Hi all,
Im trying to make a somewhat custom optimizing algorithm however Im having a real tough time figuring out how to optimize one layer at a time without running the whole loss.backward() for every layer. I saw someone had basically the same question here: Computing Backward one layer at a time but the answer wasn’t descriptive enough for me to really understand.
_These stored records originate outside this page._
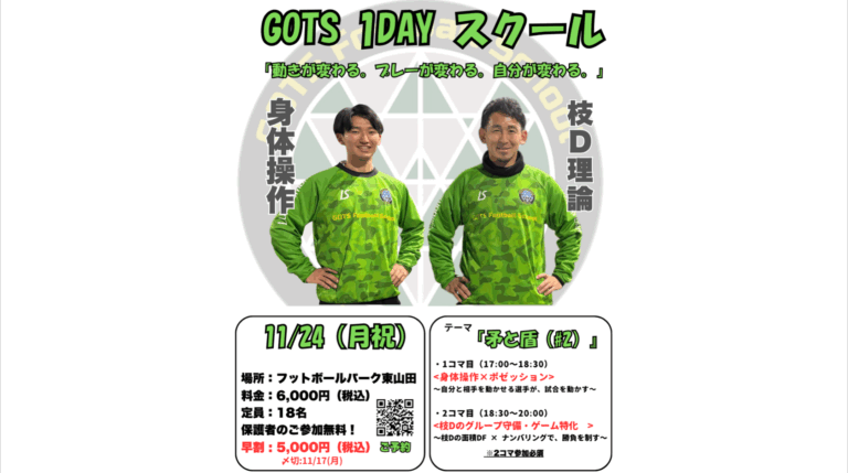 2025年11月3日(㊗️月)@東山田会場GOTSの祝日限定イベント「GOTS1DAYスクール」を開催します! 今回のイベントのテーマは、【 ⚔️矛と盾🛡️ 】 「1対1を制するものは試合を制す…」 フットボ
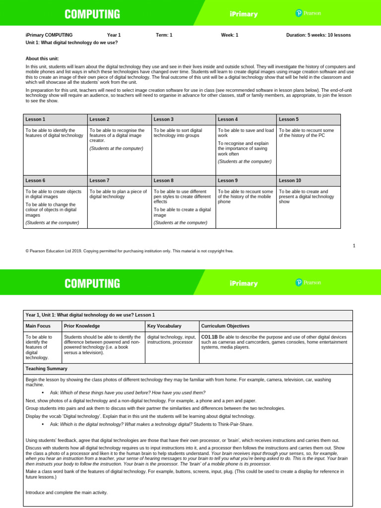 Year 1, Unit 1: What digital technology do we use? Lesson 2
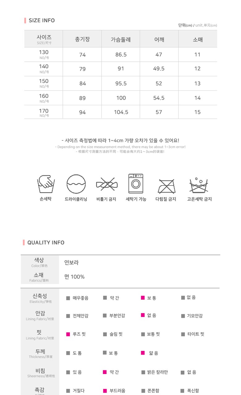 6. 세탁방법 및 취급시 주의사항 상세페이지 내 기재
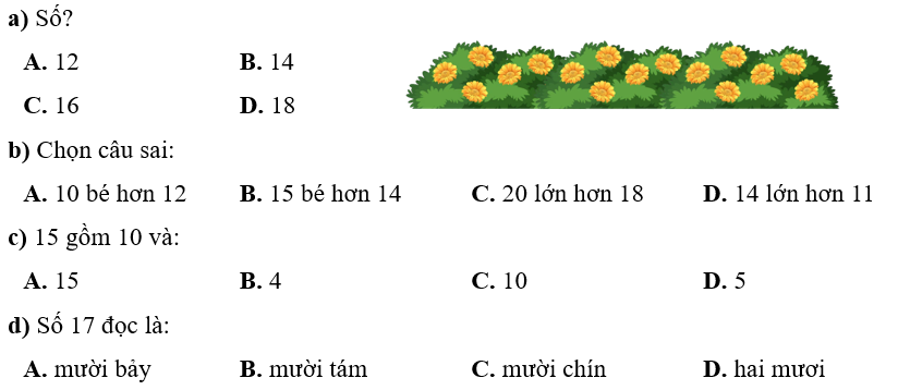 15 câu trắc nghiệm Toán lớp 1 Kết nối tri thức Luyện tập chung có đáp án
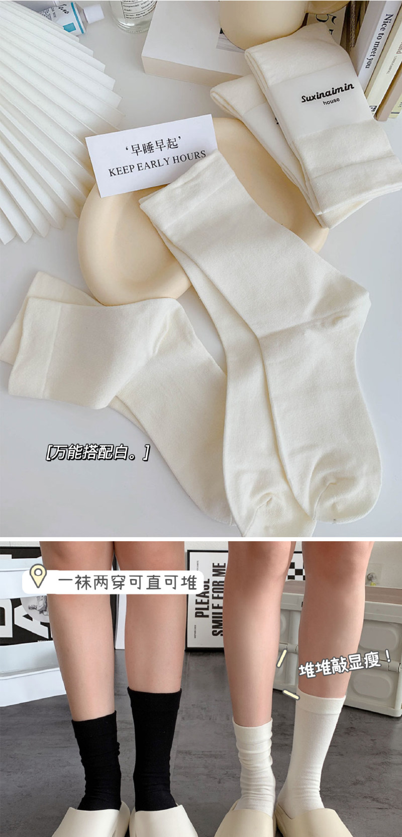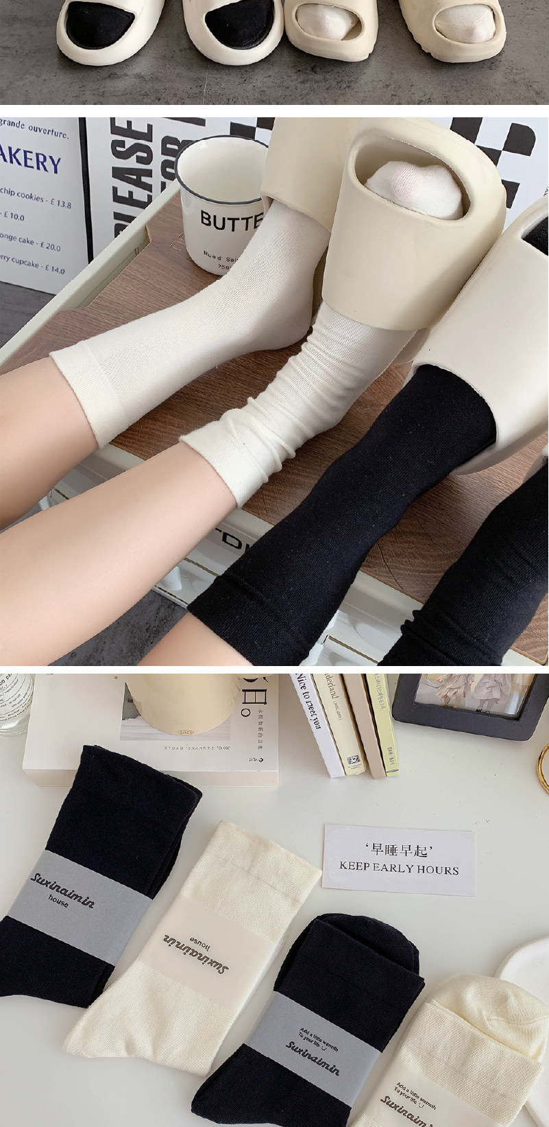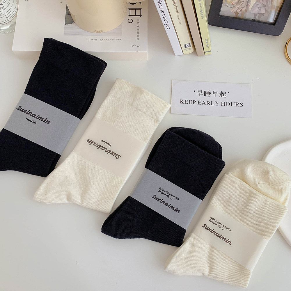 Tide, белые носки, осенние хлопковые японские демисезонные черные гольфы для беременных, средней длины

I also found this gem: Bit of fun with gradients which gets me close however I don’t know how to grab the gradient of the detached tensor of the previous layer so that I can give that to the previous layers backward call.
Here are clips of the relevant (not)working code:
class testNet(nn.Module):
def __init__(self, n_observations, n_actions):
super(testNet, self).__init__()
self.layer1 = nn.Linear(n_observations, 128)
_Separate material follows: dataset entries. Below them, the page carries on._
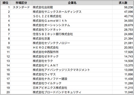 株式会社SalesNow(本社:東京都渋谷区、代表取締役:村岡功規、以下「当社」)は、国内540万社の企業情報を完全網羅した日本最大級のデータベース「SalesNow DB」より、スタンダード市場に上場する企業の求人数ランキングを集計しました。
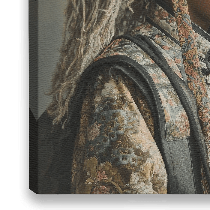 Breng een vleugje mystiek en culturele rijkdom in je interieur met Stilte – een betoverend portret van een jongen in traditionele ceremoniële klederdracht. Deze digitale muurkunst vangt een moment van serene introspectie, versterkt door de rijke texturen van het met de hand bewerkte hoofddeksel en de kleurrijke, symbolische patronen van…
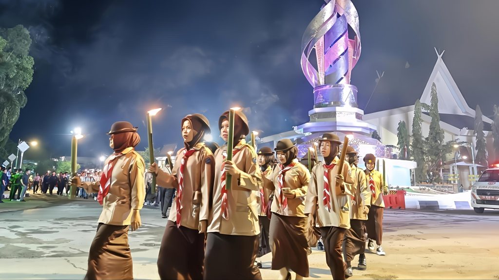 Pada kegiatan yang dipusatkan di seputaran tugu Sholawat ini, dipimpin oleh Dandim 1001/ HSU – BLG Kav Gunantyo Ady Wiryawan selaku inspektur upacara, sekaligus memimpin penyalaan obor pertama kepada tiga anggota Pramuka sebagai simbol menyambut semangat peringatan HUT RI ke-80 RI 2025 di HSU.
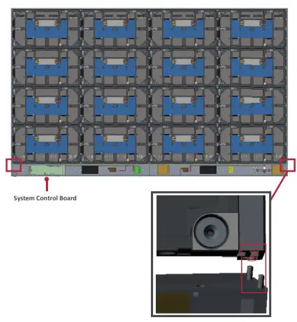 NOTE: Use caution as the System Control Box panel is separated into two pieces with wires attached. - Align the holes of the Cabinet with the System Control Box to attach.
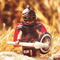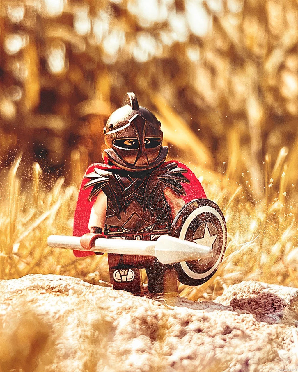 a Lego figure designed to resemble a warrior, possibly inspired by the character Achilles from Greek mythology. The Lego warrior is depicted holding a lance and appears to be charging forward, with dust or sand kicked up around its feet, giving

self.layer2 = nn.Linear(128, 128)
self.layer3 = nn.Linear(128, n_actions)
self.activate = nn.LeakyReLU(.01)
def forward(self, x):
x1 = self.activate(self.layer1(x))
x2 = self.activate(self.layer2(torch.tensor(x1.detach(), requires_grad=True)))
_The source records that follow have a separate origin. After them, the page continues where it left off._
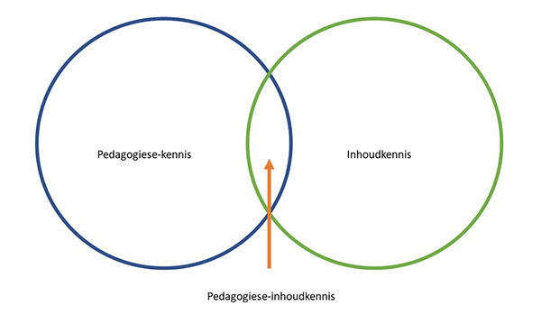 Daar is aanvanklik geredeneer dat ’n onderwyser oor uitgebreide inhoudkennis moet beskik om suksesvol in die klaskamer te kan wees, maar pedagogiese-kennis is later by die kurrikulum gevoeg omdat onderwysers ook moet weet hoe om die vakinhoud aan te bied (Shulman 1986). Shulman (1986) was van die eerste skrywers wat geredeneer het dat hierdie twee kennisbasisse nie afsonderlik kan funksioneer nie omdat onderwysers uit beide moet put om onderrigstrategieë te ontwikkel wat die aanleer van moeilike vakinhoud te kan fasiliteer. Om dié idee oor te dra, het Shulman (1986) die term “pedagogical content knowledge”, wat ek vrylik as pedagogiese-inhoudkennis vertaal, geskep om te verwys na die snypunt (Figuur 1) waar pedagogiese en inhoudkennis mekaar ontmoet.
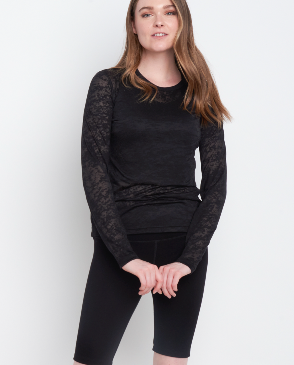 Lightweight, sheer crew neck long sleeve top, constructed from burnout design jersey with upcycled denim heart appliqué.
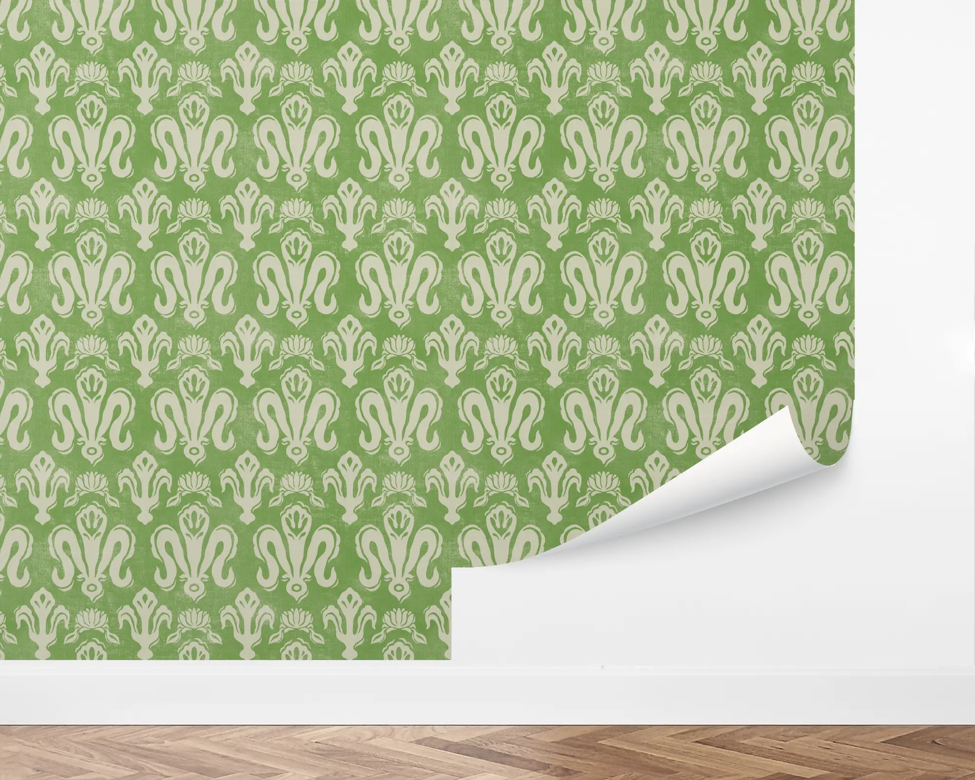Add an antique accent to any wall in your home with our Amari Fleur De Lis Peel And Stick Removable Wallpaper. Shell illustrations of the recognizable emblem are placed in rows on a textured moss background. Choose from endless color combinations to match your interior style perfectly!
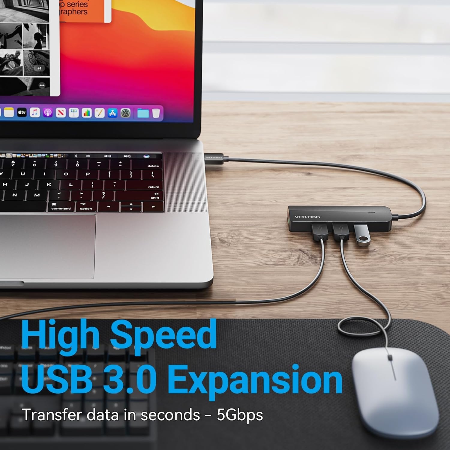 High-speed data transfer: Equipped with USB 3.0 technology, this hub provides up to 5Gbps data transfer speed, allowing you to transfer large files in seconds
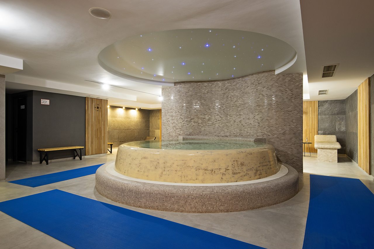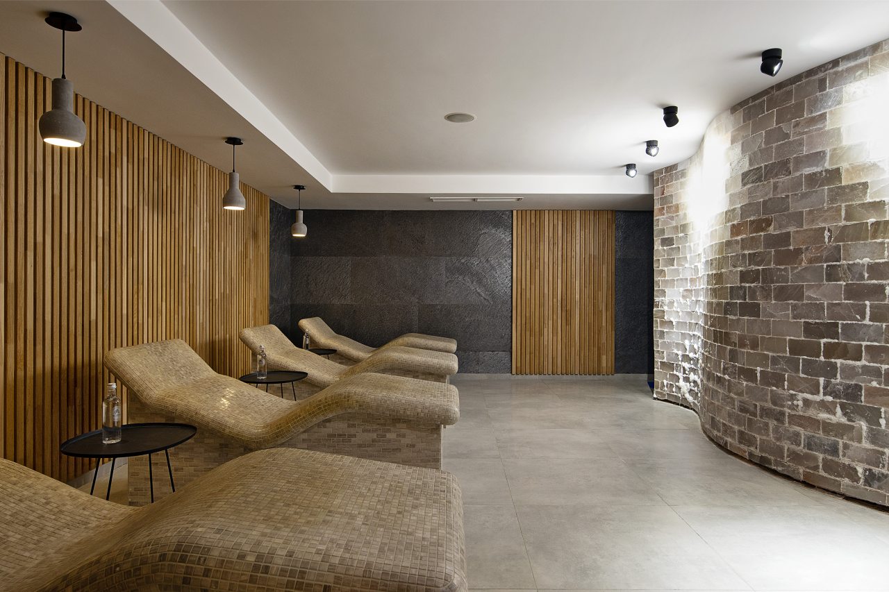 Термальная зона небольшая: 2 сауны, джакузи и теплые лежаки с солевой стеной.
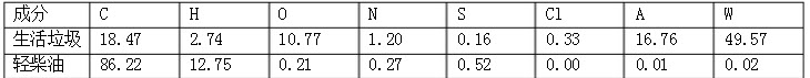 某垃圾焚烧处理生活垃圾量为300t/d,需要添加辅助燃料轻柴油1.2t/d,生活垃圾和轻柴油质量分析成分如下表所示:生活垃圾和轻柴油质量分析成分表(%)
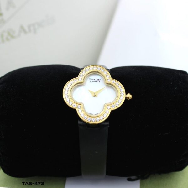 This watch is a symbol of luxury and elegance, featuring a premium leather strap with a buckle engraved with the iconic Van Cleef logo, reflecting high-quality design and craftsmanship.
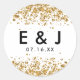 Adesivo Redondo Glitter Dourado Monograma de Casamento com Glitter

return self.layer3(torch.tensor(x2.detach(), requires_grad=True))
params = list(test_net.parameters())
params.reverse()
slope = nn.MSELoss()
loss = slope(state_action_values, expected_state_action_values.unsqueeze(1))
loss.backward(retain_graph=True)
# continue backward grad layer by layer
for i in range(1,len(params),2):
# optimize this layers parameters
params[i+1].backward(gradient=HOW_CAN_I_GET_THIS, retain_graph=True)
It would be nice to solve the mystery of where values are stored in the computation graph but any implementation details for a layer by layer backprop would be appreciated.
Thank you for your time.